◆ WHAT YOU WILL DO ◆
Write out all the records exactly, and keep any images out.

Extracted data entries:
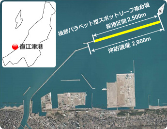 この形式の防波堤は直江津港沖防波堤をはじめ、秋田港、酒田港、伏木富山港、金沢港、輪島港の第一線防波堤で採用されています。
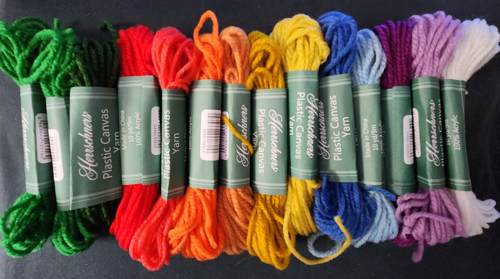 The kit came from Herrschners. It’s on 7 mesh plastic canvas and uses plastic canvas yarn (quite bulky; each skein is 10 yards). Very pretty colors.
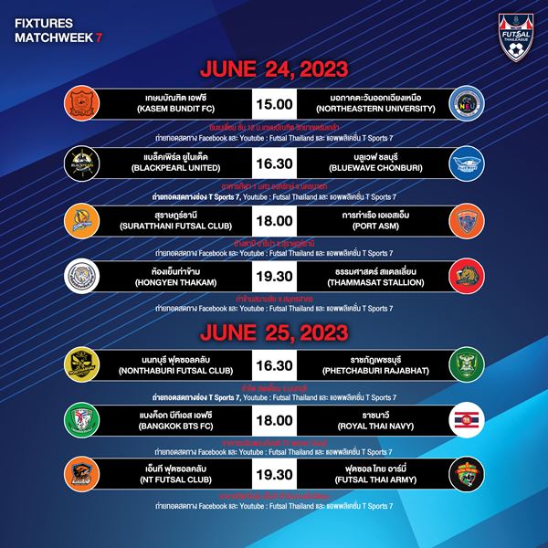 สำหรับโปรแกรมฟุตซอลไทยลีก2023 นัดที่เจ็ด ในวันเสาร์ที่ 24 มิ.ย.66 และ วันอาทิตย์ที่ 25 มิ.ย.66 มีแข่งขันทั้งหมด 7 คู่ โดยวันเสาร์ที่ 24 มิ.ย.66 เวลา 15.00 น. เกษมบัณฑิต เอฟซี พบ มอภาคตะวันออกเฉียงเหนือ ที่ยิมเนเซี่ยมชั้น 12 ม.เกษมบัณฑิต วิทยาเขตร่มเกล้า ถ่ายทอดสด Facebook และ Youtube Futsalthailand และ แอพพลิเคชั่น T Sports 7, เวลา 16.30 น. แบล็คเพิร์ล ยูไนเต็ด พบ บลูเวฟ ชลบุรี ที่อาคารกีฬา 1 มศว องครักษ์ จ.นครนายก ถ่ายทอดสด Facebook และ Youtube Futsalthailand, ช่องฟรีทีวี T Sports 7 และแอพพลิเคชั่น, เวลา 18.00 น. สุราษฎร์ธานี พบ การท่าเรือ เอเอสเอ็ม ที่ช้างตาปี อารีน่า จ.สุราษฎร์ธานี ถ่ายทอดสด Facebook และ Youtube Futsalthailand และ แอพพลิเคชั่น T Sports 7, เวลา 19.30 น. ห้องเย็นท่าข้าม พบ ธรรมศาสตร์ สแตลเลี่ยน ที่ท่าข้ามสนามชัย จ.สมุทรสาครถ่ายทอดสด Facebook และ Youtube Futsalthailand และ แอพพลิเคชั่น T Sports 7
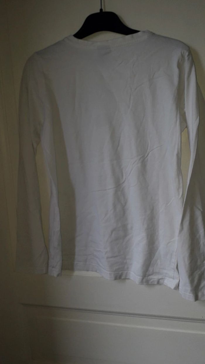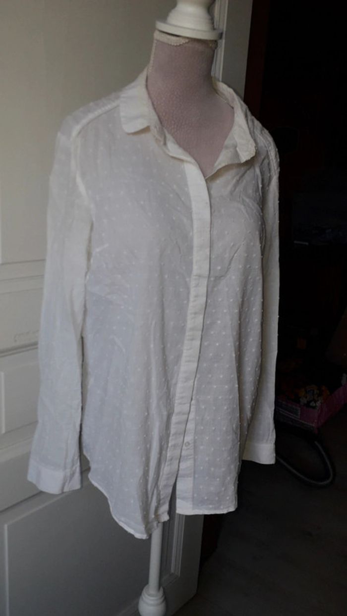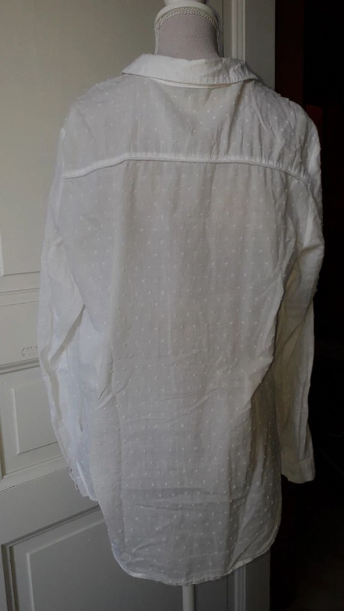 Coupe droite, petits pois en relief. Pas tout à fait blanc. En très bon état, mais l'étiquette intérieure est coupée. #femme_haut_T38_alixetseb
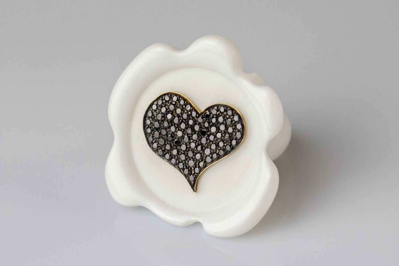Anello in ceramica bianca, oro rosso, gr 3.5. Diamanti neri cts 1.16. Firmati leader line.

◆ ANSWER BOX ◆
 この形式の防波堤は直江津港沖防波堤をはじめ、秋田港、酒田港、伏木富山港、金沢港、輪島港の第一線防波堤で採用されています。
 The kit came from Herrschners. It’s on 7 mesh plastic canvas and uses plastic canvas yarn (quite bulky; each skein is 10 yards). Very pretty colors.
 สำหรับโปรแกรมฟุตซอลไทยลีก2023 นัดที่เจ็ด ในวันเสาร์ที่ 24 มิ.ย.66 และ วันอาทิตย์ที่ 25 มิ.ย.66 มีแข่งขันทั้งหมด 7 คู่ โดยวันเสาร์ที่ 24 มิ.ย.66 เวลา 15.00 น. เกษมบัณฑิต เอฟซี พบ มอภาคตะวันออกเฉียงเหนือ ที่ยิมเนเซี่ยมชั้น 12 ม.เกษมบัณฑิต วิทยาเขตร่มเกล้า ถ่ายทอดสด Facebook และ Youtube Futsalthailand และ แอพพลิเคชั่น T Sports 7, เวลา 16.30 น. แบล็คเพิร์ล ยูไนเต็ด พบ บลูเวฟ ชลบุรี ที่อาคารกีฬา 1 มศว องครักษ์ จ.นครนายก ถ่ายทอดสด Facebook และ Youtube Futsalthailand, ช่องฟรีทีวี T Sports 7 และแอพพลิเคชั่น, เวลา 18.00 น. สุราษฎร์ธานี พบ การท่าเรือ เอเอสเอ็ม ที่ช้างตาปี อารีน่า จ.สุราษฎร์ธานี ถ่ายทอดสด Facebook และ Youtube Futsalthailand และ แอพพลิเคชั่น T Sports 7, เวลา 19.30 น. ห้องเย็นท่าข้าม พบ ธรรมศาสตร์ สแตลเลี่ยน ที่ท่าข้ามสนามชัย จ.สมุทรสาครถ่ายทอดสด Facebook และ Youtube Futsalthailand และ แอพพลิเคชั่น T Sports 7
 Coupe droite, petits pois en relief. Pas tout à fait blanc. En très bon état, mais l'étiquette intérieure est coupée. #femme_haut_T38_alixetseb
Anello in ceramica bianca, oro rosso, gr 3.5. Diamanti neri cts 1.16. Firmati leader line.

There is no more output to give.